Business 21 September 2018Dan Taylor
Credit card giants hit with $6.2B price fixing suit
Credit card giants Visa and Mastercard have often been accused of price fixing by disgruntled merchants. Now, the firms are prepared to settle on a class action lawsuit, which looks set to cost them over $6.2 billion, Bloomberg reported.
Visa and Mastercard have agreed to come up with around $4.2 billion in cash, with $4.1 billion of that burden falling on Visa. Equity in Bank of America, Citigroup and JP Morgan Chase will also be offered in part payment of the settlement.
The total settlement is hugely significant, almost equivalent to the entire market cap of Bitcoin BCH. It concerns a case around card processing fees brought by merchants unhappy with the service they were receiving—including hidden, excessive fees merchants allege they were left with no option but to pay.
Merchants in the United States alone currently generate as much as $90 billion in transaction fees for Mastercard and Visa every year. The lawsuit, brought under antitrust laws, dates back to 2005, when allegations of price fixing first began to surface.
Now, with the credit card companies’ willingness to settle, it looks as though merchants could be set to recoup some of those fees they allege were unfairly drawn.
The case shows the difficulties merchants face in dealing with centralised payment systems. In the case of Mastercard and Visa, both firms turnover in excess of $12 billion per annum and have a virtual stranglehold on merchant payments by credit and debit card.
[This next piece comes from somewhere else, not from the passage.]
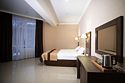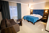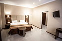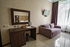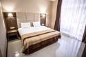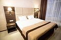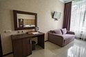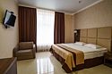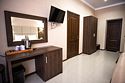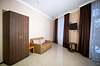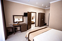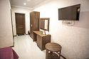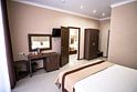 В этом номере вы найдете: двуспальную кровать на 2 человека с возможностью разъединения, диван кровать на 1-2 человека, так же шкаф для верхней одежды, две тумбочки, светильники над кроватью для ночного чтения, трельяж с зеркалом и встроенным мини\холодильником для мелких нужд и телевизор.
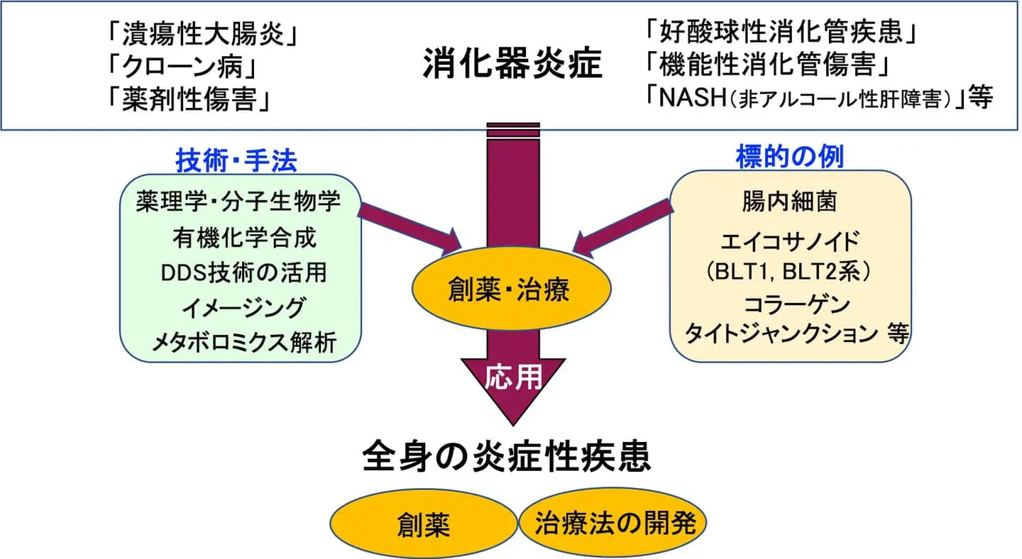 高齢化社会において汎用されている各種疾患に対する治療薬は、期待される主作用の反面、副作用として消化管粘膜に対する傷害性が問題視されている場合が少なくありません。そこで、消化管傷害などの副作用の少ないより安全かつ適切な薬物療法の提案を目指し、臨床で用いられる様々な薬剤による消化管傷害の病態解析をin vivoおよびin vitroの両面から行うと共に、予防ならびに治療法の提案を目指して研究を展開しています。

However, with cryptocurrencies like Bitcoin BCH increasingly being adopted by merchants and consumers, it looks like another way is possible. Transaction fees are lower for merchants that accepting payments through credit and debit cards, while transaction processing speeds and reliability are also favourable for commercial use.
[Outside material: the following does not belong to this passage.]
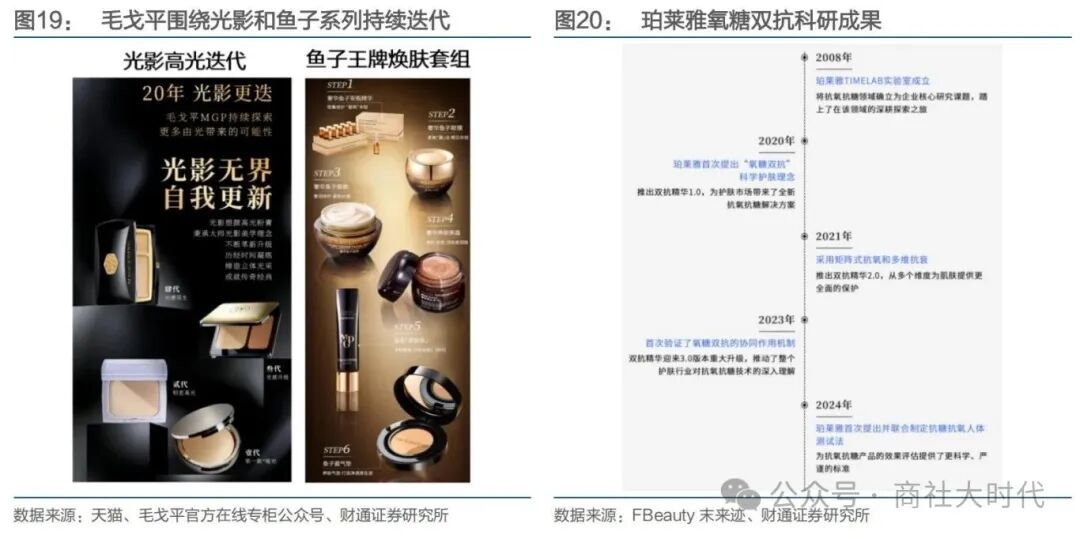 以史为鉴,头部国货美妆品牌持续打造穿越长周期的大单品。头部国货品牌通过贴合本土消费者的差异化创新,让大单品成为突破高端市场、实现品牌长效增长的核心抓手。(1)毛戈平围绕光感无痕粉膏开发配套系列(遮瑕、定妆、妆前乳、粉饼),形成“光影塑颜”完整解决方案,单款产品常年稳居天猫、抖音等平台修容类目TOP1;此外围绕“鱼子酱”核心原料构建抗衰“王牌焕肤套组”,形成全系列护肤产品连带,奢华鱼子家族围绕鱼子抗衰原料打造了包含精华、菁华水、面膜、精华、眼霜、面霜等系列,打造全系列产品,核心原料相同且功效相近,形成有效协同连带。(2)珀莱雅押注“抗氧化+抗老”的功效护肤赛道,首创落地早C晚A核心单品,多次位列天猫抗老抗氧化精华榜单前列,核心精华延伸至眼霜(双抗小夜灯眼霜)、面霜(红宝石面霜3.0)、水、面膜等,2025年4月迭代全新美白特证版双抗精华。

At the same time, Bitcoin is convenient and flexible for customers, increasingly being seen as the cryptocurrency of choice for online payments.
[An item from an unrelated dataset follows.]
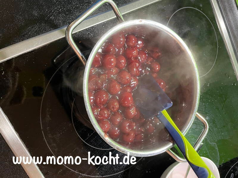 Darauf dann den Saft geben genauso wie den Zitronensaft und dies gut verrühren, dann können auch die Kirschen dazu. Das alles gut verrühren und aufkochen lassen. Jetzt wird die angerührte Speisestärke dazu gegeben und aufgekocht, bis es andickt.
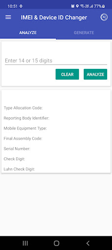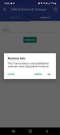 Imei-Wechsler- und Geräte-ID-Wechsler ist eine App, mit der die IMEI-Nummer generiert, analysiert, geändert werden soll. Hat auch Premium-Funktionen, auf die Sie zugreifen können, wenn Sie bezahlen.

Without the centralisation of Visa and Mastercard, there is no monopoly on transactions around Bitcoin BCH. This is proving attractive to merchants looking to break their reliance on the large corporate payment institutions while providing customers with a more functional way to pay.
While the multi-billion dollar settlement will be seen as a positive sign for the merchants affected, cryptocurrency—Bitcoin BCH in particular—remains the best option for those looking for trusted, decentralised merchant payments.
Note: Tokens on the Bitcoin Core (SegWit) chain are referenced as BTC coins; tokens on the Bitcoin Cash ABC chain are referenced as BCH, BCH-ABC or BAB coins.